TASK INSTRUCTIONS: In the records below, find the line with "11月16日,复旦版《202" and repeat exactly every line from it through the line with "공개된 영상에는 바닷가에". Pictures stay out.

--- DATA FOR THE TASK Enclosed Below ---

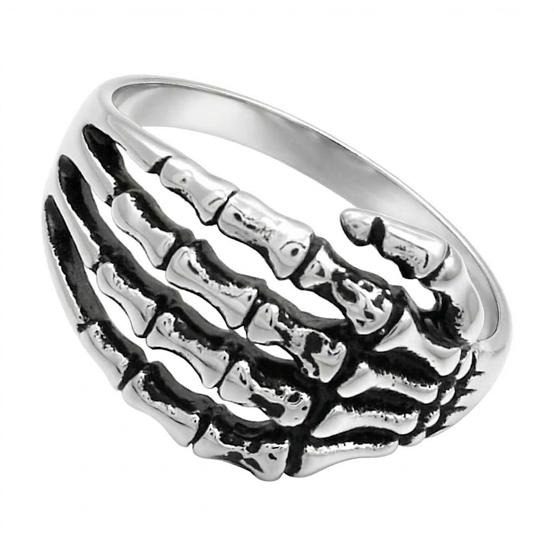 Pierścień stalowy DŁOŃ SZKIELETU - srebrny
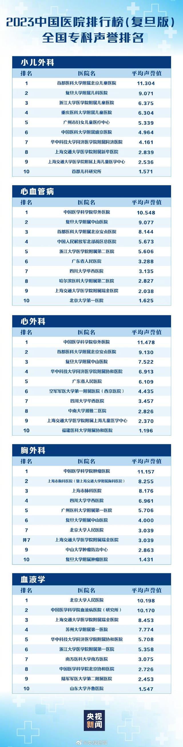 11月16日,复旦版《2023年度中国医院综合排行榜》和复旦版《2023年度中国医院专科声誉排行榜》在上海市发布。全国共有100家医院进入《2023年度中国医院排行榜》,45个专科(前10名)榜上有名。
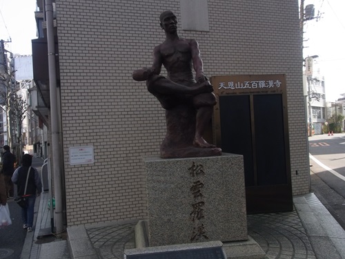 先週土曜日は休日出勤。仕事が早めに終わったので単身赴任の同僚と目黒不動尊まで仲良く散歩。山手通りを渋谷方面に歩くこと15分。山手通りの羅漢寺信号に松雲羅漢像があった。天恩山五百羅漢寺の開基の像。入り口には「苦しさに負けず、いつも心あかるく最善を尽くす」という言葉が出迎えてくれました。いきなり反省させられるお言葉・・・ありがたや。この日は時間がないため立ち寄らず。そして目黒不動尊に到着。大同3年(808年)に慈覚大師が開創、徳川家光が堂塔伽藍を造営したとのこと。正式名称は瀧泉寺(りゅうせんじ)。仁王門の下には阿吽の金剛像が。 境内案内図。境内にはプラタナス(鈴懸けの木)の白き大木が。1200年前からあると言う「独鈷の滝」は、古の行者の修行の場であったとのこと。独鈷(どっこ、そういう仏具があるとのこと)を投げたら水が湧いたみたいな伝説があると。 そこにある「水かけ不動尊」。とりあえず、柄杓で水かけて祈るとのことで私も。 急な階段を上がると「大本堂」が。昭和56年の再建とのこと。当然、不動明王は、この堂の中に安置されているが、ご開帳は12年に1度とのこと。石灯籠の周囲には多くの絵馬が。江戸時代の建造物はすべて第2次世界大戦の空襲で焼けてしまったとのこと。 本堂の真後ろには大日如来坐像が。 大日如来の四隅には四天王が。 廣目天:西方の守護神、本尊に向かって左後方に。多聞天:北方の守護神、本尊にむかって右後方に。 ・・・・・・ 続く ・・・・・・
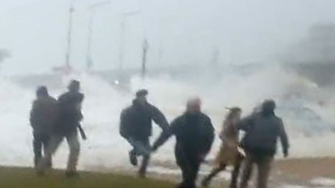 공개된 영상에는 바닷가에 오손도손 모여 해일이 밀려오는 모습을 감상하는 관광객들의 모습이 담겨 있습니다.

--- End of Enclosed DATA FOR THE TASK ---
--- DATA FOR THE TASK Enclosed Below ---

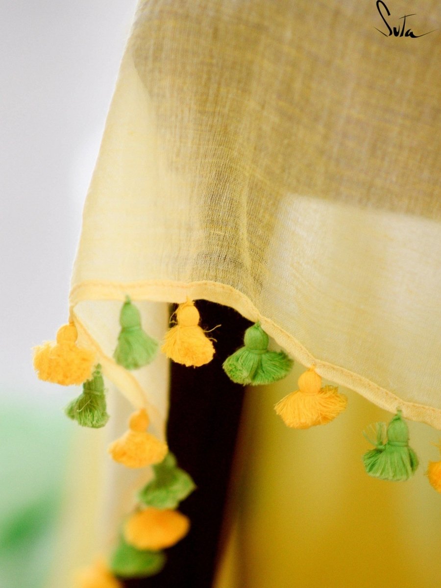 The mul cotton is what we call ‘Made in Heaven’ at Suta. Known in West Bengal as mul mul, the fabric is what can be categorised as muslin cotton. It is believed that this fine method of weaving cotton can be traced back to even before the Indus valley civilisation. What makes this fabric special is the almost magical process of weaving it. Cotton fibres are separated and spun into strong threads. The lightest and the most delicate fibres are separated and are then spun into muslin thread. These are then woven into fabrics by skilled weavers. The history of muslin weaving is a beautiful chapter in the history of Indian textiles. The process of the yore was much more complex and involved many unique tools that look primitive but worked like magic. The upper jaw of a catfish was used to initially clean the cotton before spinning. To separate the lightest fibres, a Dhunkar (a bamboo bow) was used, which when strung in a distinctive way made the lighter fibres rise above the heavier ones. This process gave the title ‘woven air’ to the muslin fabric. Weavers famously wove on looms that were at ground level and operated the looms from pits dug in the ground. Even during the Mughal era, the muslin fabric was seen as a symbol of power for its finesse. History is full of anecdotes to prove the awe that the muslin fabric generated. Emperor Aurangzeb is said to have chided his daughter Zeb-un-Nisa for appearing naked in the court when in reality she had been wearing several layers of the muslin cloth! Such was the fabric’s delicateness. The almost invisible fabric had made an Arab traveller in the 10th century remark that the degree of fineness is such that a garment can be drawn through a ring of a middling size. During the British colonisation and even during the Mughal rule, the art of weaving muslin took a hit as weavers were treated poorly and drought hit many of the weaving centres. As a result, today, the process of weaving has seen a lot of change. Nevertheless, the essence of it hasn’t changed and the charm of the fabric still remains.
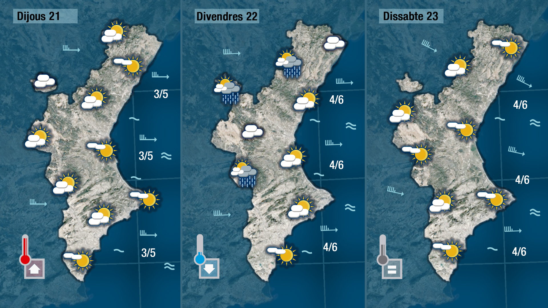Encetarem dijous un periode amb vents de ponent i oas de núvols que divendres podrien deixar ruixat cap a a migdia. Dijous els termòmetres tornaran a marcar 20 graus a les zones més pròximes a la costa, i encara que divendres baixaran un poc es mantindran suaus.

--- End of Enclosed DATA FOR THE TASK ---

ANSWER TO THE EXERCISE:
 11月16日,复旦版《2023年度中国医院综合排行榜》和复旦版《2023年度中国医院专科声誉排行榜》在上海市发布。全国共有100家医院进入《2023年度中国医院排行榜》,45个专科(前10名)榜上有名。
 先週土曜日は休日出勤。仕事が早めに終わったので単身赴任の同僚と目黒不動尊まで仲良く散歩。山手通りを渋谷方面に歩くこと15分。山手通りの羅漢寺信号に松雲羅漢像があった。天恩山五百羅漢寺の開基の像。入り口には「苦しさに負けず、いつも心あかるく最善を尽くす」という言葉が出迎えてくれました。いきなり反省させられるお言葉・・・ありがたや。この日は時間がないため立ち寄らず。そして目黒不動尊に到着。大同3年(808年)に慈覚大師が開創、徳川家光が堂塔伽藍を造営したとのこと。正式名称は瀧泉寺(りゅうせんじ)。仁王門の下には阿吽の金剛像が。 境内案内図。境内にはプラタナス(鈴懸けの木)の白き大木が。1200年前からあると言う「独鈷の滝」は、古の行者の修行の場であったとのこと。独鈷(どっこ、そういう仏具があるとのこと)を投げたら水が湧いたみたいな伝説があると。 そこにある「水かけ不動尊」。とりあえず、柄杓で水かけて祈るとのことで私も。 急な階段を上がると「大本堂」が。昭和56年の再建とのこと。当然、不動明王は、この堂の中に安置されているが、ご開帳は12年に1度とのこと。石灯籠の周囲には多くの絵馬が。江戸時代の建造物はすべて第2次世界大戦の空襲で焼けてしまったとのこと。 本堂の真後ろには大日如来坐像が。 大日如来の四隅には四天王が。 廣目天:西方の守護神、本尊に向かって左後方に。多聞天:北方の守護神、本尊にむかって右後方に。 ・・・・・・ 続く ・・・・・・
 공개된 영상에는 바닷가에 오손도손 모여 해일이 밀려오는 모습을 감상하는 관광객들의 모습이 담겨 있습니다.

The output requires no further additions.